Segment Start: PROVIDED RECORDS

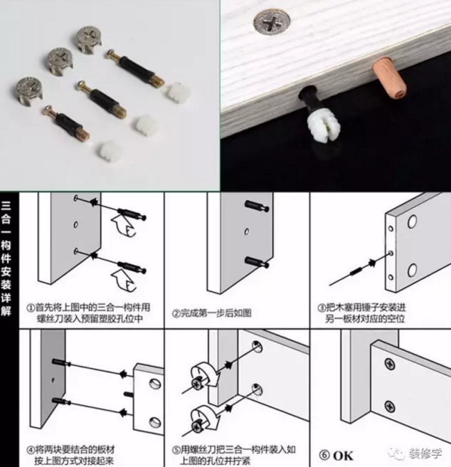 定制衣柜多用颗粒板,因为颗粒板用射钉连接不牢固,一般用“三合一连接件”进行连接固定板材。
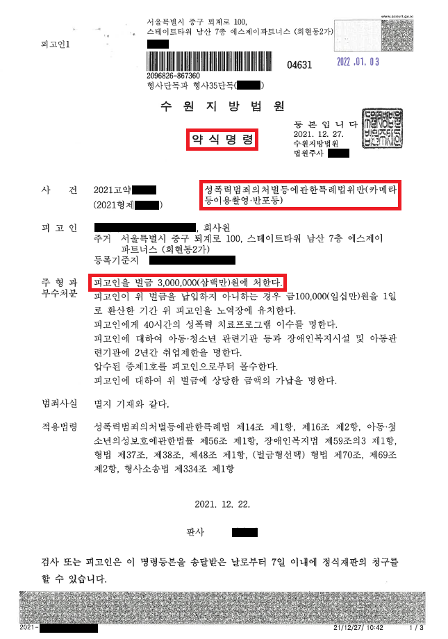 이러한 저의 조력을 바탕으로 A씨는 지하철 역사 안의 불특정 다수의 여성들을 무작위로 촬영하였음에도 불구하고 약식명령으로 벌금형을 선고받음으로써 재판까지 나아가지 않고 사건을 최대한 가볍게 마무리할 수 있었습니다.
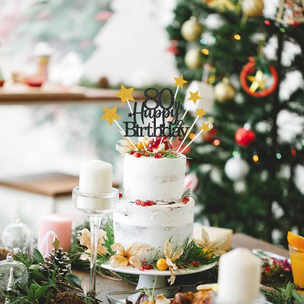 Glittery 80th Happy Birthday Cake Topper with Star,Personalised 80 Birthday Cake Toppers Party Decorations Party Supplies for Men Women Black Gold
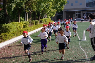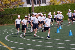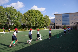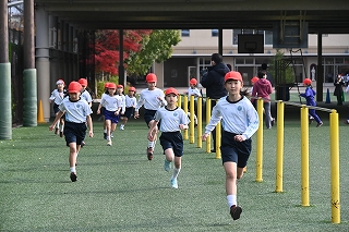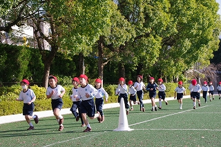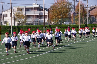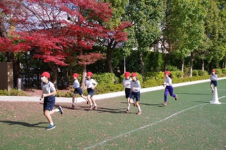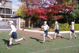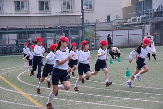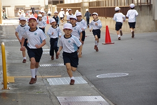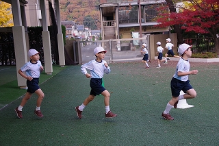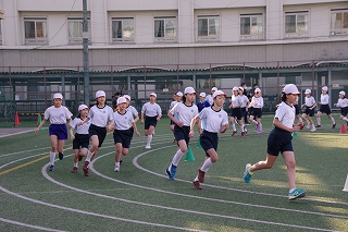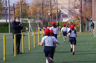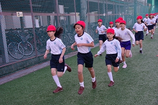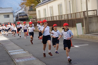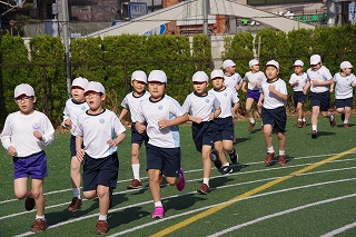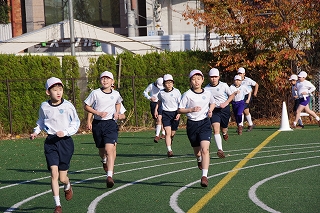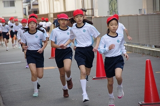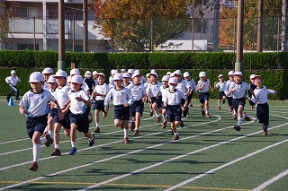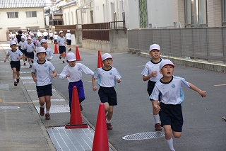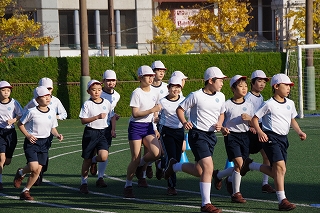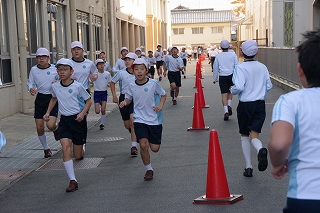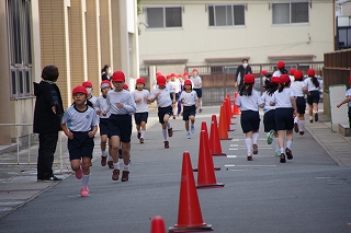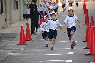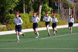 マラソン大会に代わり、昨年度から校内でランフェスティバルを行っています。1,2年生は約700m、3,4年生は約900m、5,6年生は約1200mのコースです。
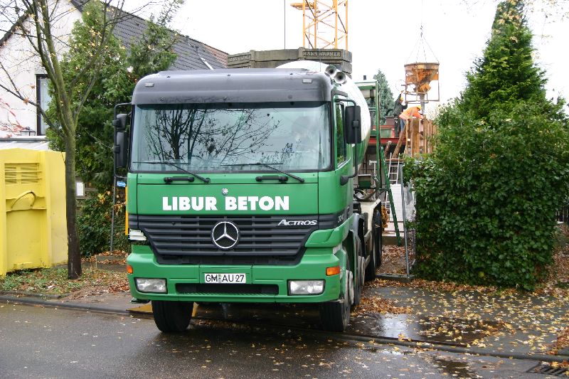 Der Beton für den Ringbalken wartet in der Einfahrt
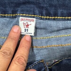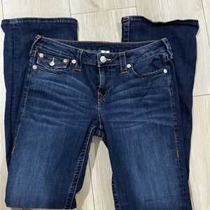 Authentic True Religion Joey bootcut jeans featuring signature horseshoe stitching and flap pockets.
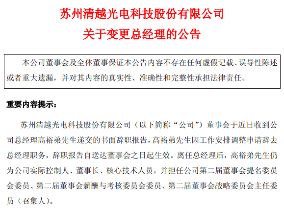 近日,清越科技(维权)发布公告称,公司董事会于近日收到总经理高裕弟递交的书面辞职报告,高裕弟因工作安排调整申请辞去总经理职务,辞职报告自送达董事会之日起生效。

Segment End: PROVIDED RECORDS

YOUR ASSIGNMENT: Lines from the one above containing "이러한 저의 조력을 바탕으로" down to the one containing "Glittery 80th Happy" should be transcribed exactly, with both ends kept and no pictures.

ANSWER:
 이러한 저의 조력을 바탕으로 A씨는 지하철 역사 안의 불특정 다수의 여성들을 무작위로 촬영하였음에도 불구하고 약식명령으로 벌금형을 선고받음으로써 재판까지 나아가지 않고 사건을 최대한 가볍게 마무리할 수 있었습니다.
 Glittery 80th Happy Birthday Cake Topper with Star,Personalised 80 Birthday Cake Toppers Party Decorations Party Supplies for Men Women Black Gold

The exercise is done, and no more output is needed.